### Problem requirements
Give back, word for word, the lines in the listing below from the one holding "Sőt az ágytól" down to the one holding "Ce kimono pour", both ends included.

### Material shown
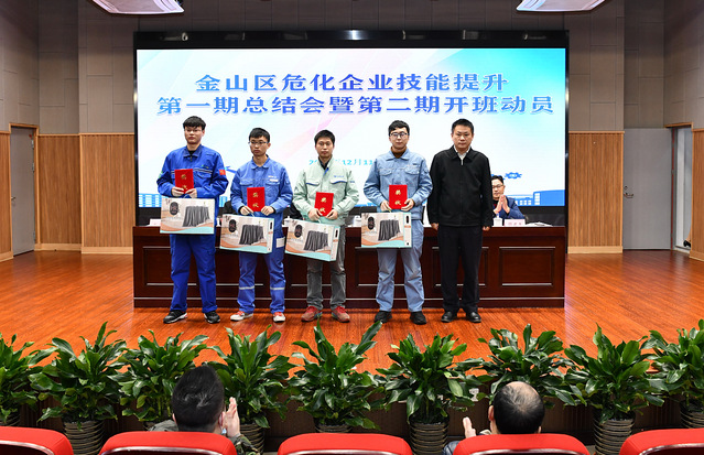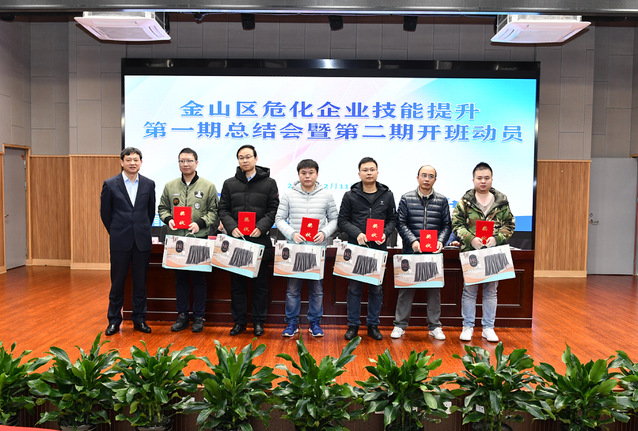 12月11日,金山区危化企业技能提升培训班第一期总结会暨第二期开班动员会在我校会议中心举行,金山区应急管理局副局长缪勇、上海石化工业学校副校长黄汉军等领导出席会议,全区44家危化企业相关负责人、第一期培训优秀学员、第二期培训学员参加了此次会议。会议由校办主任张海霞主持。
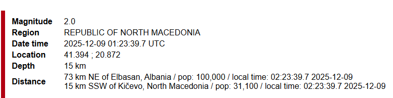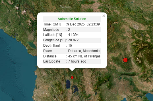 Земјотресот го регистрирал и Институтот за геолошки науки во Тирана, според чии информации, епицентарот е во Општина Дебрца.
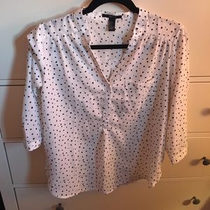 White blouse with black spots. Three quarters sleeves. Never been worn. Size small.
--
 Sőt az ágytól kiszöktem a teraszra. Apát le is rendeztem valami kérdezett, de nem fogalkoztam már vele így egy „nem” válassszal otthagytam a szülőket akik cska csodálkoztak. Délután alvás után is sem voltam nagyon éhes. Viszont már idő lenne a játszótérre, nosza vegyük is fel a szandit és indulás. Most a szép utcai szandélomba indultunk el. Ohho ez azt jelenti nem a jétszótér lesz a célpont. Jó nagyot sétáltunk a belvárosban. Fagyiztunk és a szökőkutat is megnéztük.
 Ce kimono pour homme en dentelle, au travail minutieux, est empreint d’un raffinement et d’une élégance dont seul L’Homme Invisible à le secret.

### Written reply
 Sőt az ágytól kiszöktem a teraszra. Apát le is rendeztem valami kérdezett, de nem fogalkoztam már vele így egy „nem” válassszal otthagytam a szülőket akik cska csodálkoztak. Délután alvás után is sem voltam nagyon éhes. Viszont már idő lenne a játszótérre, nosza vegyük is fel a szandit és indulás. Most a szép utcai szandélomba indultunk el. Ohho ez azt jelenti nem a jétszótér lesz a célpont. Jó nagyot sétáltunk a belvárosban. Fagyiztunk és a szökőkutat is megnéztük.
 Ce kimono pour homme en dentelle, au travail minutieux, est empreint d’un raffinement et d’une élégance dont seul L’Homme Invisible à le secret.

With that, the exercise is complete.